Task details: Repeat every record below exactly, but leave out any pictures.

(Stored data)
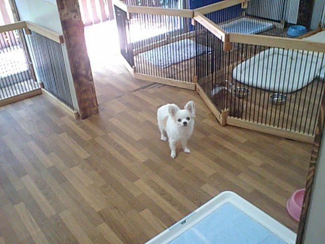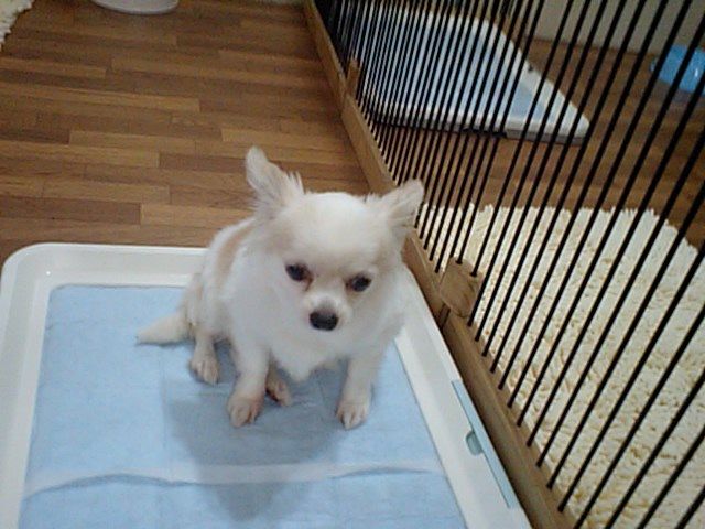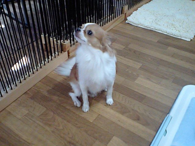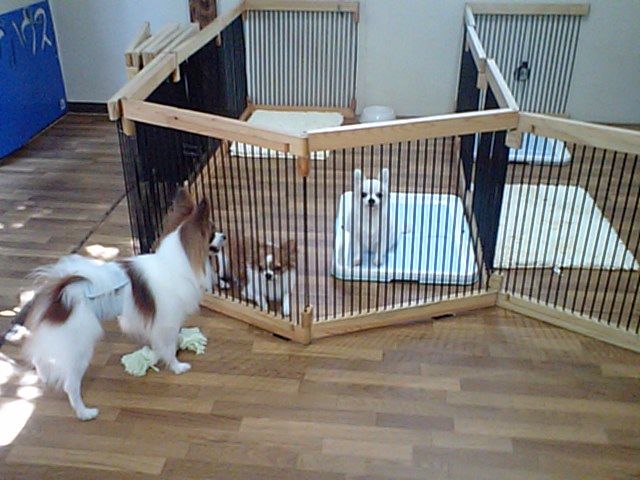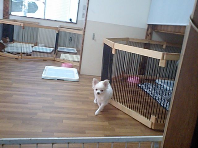 チワワちゃんズのかい君は去年同様に固まってますが、まりんちゃんはサークルを出て店内を探検してます。
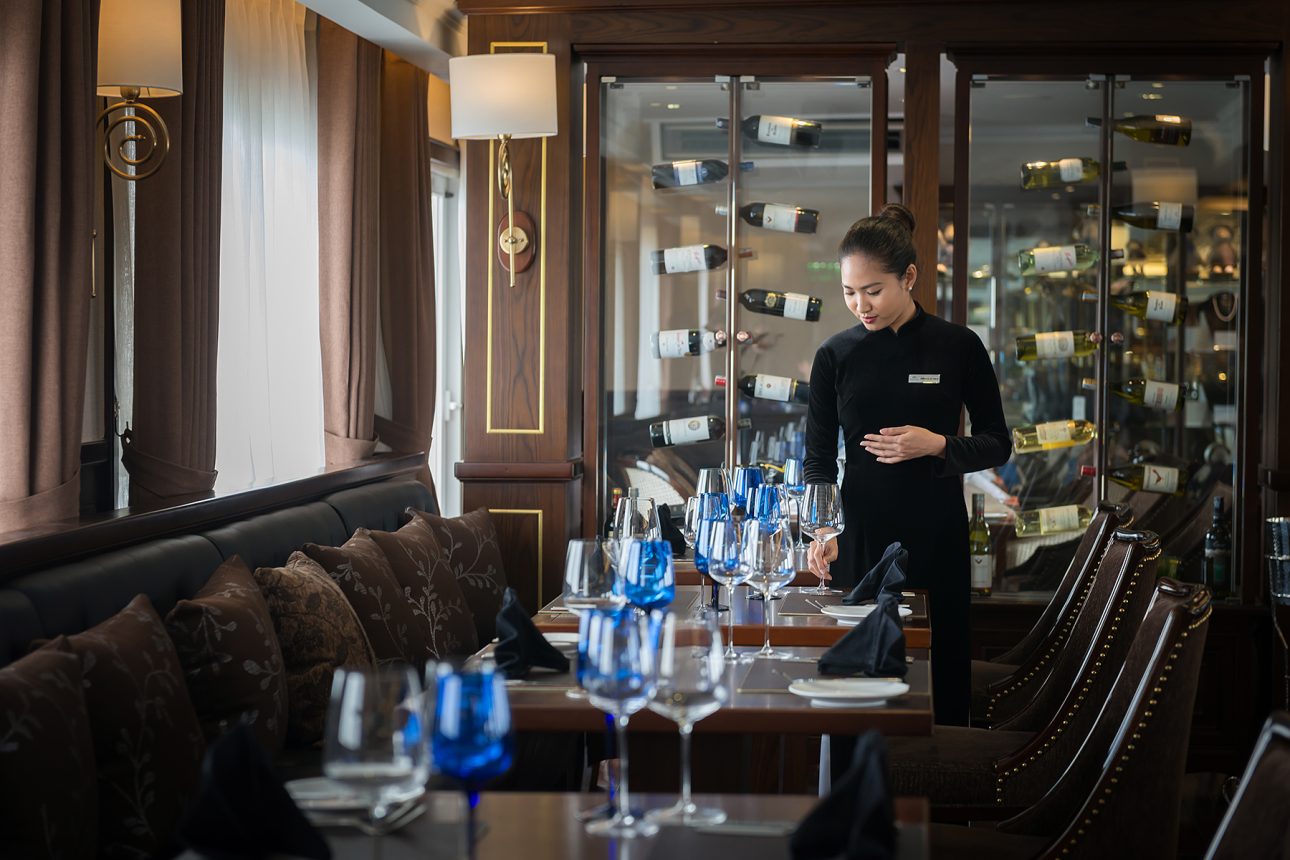 Du khách có thể thưởng thức bữa tối thịnh soạn tại nhà hàng Le Marin hoặc bất cứ địa điểm nào trên du thuyền. Sau bữa tiệc ẩm thực, thư giãn cùng nhạc sống tại Le Piano Lounge, câu mực đêm, hoặc xem phim trong cabin là sự lựa chọn hoàn hảo khép lại đêm nghỉ dưỡng đầu tiên của du khách
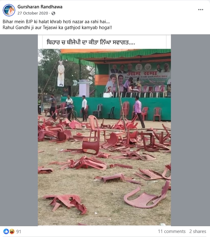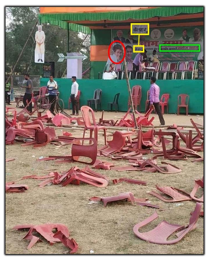 সম্প্রতি একটি ছবি সোশ্যাল মিডিয়ায় বেশ ভাইরাল হয়েছে যেখানে একটি সভামঞ্চের সামনে কতগুলো প্ল্যাস্টিকের চেয়ার ভেঙে পড়ে থাকতে দেখা যাচ্ছে। ছবিটি শেয়ার করে দাবি করা হচ্ছে যে, বিজেপির বিরোধী দলনেতা শুভেন্দু অধিকারী ও বিজেপি সাংসদ সুকান্ত মজুমদারের সভা শেষে বিজেপির গোষ্ঠীদ্বন্দ্বের ছবি উঠে এসেছে।
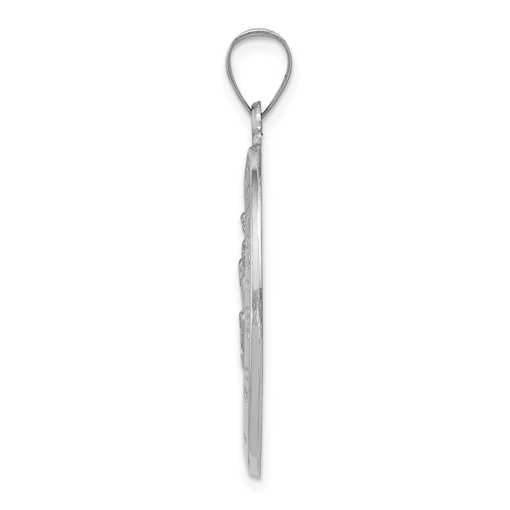 14k White Gold Polished and Satin Hollow St Christopher Medal Oval Pendant
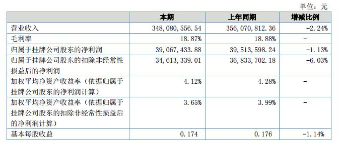 報(bào)告期內(nèi)公司實(shí)現(xiàn)營(yíng)業(yè)收入34,808.06萬(wàn)元,同比下降2.24%;營(yíng)業(yè)成本28,239.61萬(wàn)元,同比下降2.24%。實(shí)現(xiàn)歸屬于掛牌公司股東的凈利潤(rùn)3,906.74萬(wàn)元,同比下降1.13%;基本每股收益0.174,同比下降1.14%。

Result:
 チワワちゃんズのかい君は去年同様に固まってますが、まりんちゃんはサークルを出て店内を探検してます。
 Du khách có thể thưởng thức bữa tối thịnh soạn tại nhà hàng Le Marin hoặc bất cứ địa điểm nào trên du thuyền. Sau bữa tiệc ẩm thực, thư giãn cùng nhạc sống tại Le Piano Lounge, câu mực đêm, hoặc xem phim trong cabin là sự lựa chọn hoàn hảo khép lại đêm nghỉ dưỡng đầu tiên của du khách
 সম্প্রতি একটি ছবি সোশ্যাল মিডিয়ায় বেশ ভাইরাল হয়েছে যেখানে একটি সভামঞ্চের সামনে কতগুলো প্ল্যাস্টিকের চেয়ার ভেঙে পড়ে থাকতে দেখা যাচ্ছে। ছবিটি শেয়ার করে দাবি করা হচ্ছে যে, বিজেপির বিরোধী দলনেতা শুভেন্দু অধিকারী ও বিজেপি সাংসদ সুকান্ত মজুমদারের সভা শেষে বিজেপির গোষ্ঠীদ্বন্দ্বের ছবি উঠে এসেছে।
 14k White Gold Polished and Satin Hollow St Christopher Medal Oval Pendant
 報(bào)告期內(nèi)公司實(shí)現(xiàn)營(yíng)業(yè)收入34,808.06萬(wàn)元,同比下降2.24%;營(yíng)業(yè)成本28,239.61萬(wàn)元,同比下降2.24%。實(shí)現(xiàn)歸屬于掛牌公司股東的凈利潤(rùn)3,906.74萬(wàn)元,同比下降1.13%;基本每股收益0.174,同比下降1.14%。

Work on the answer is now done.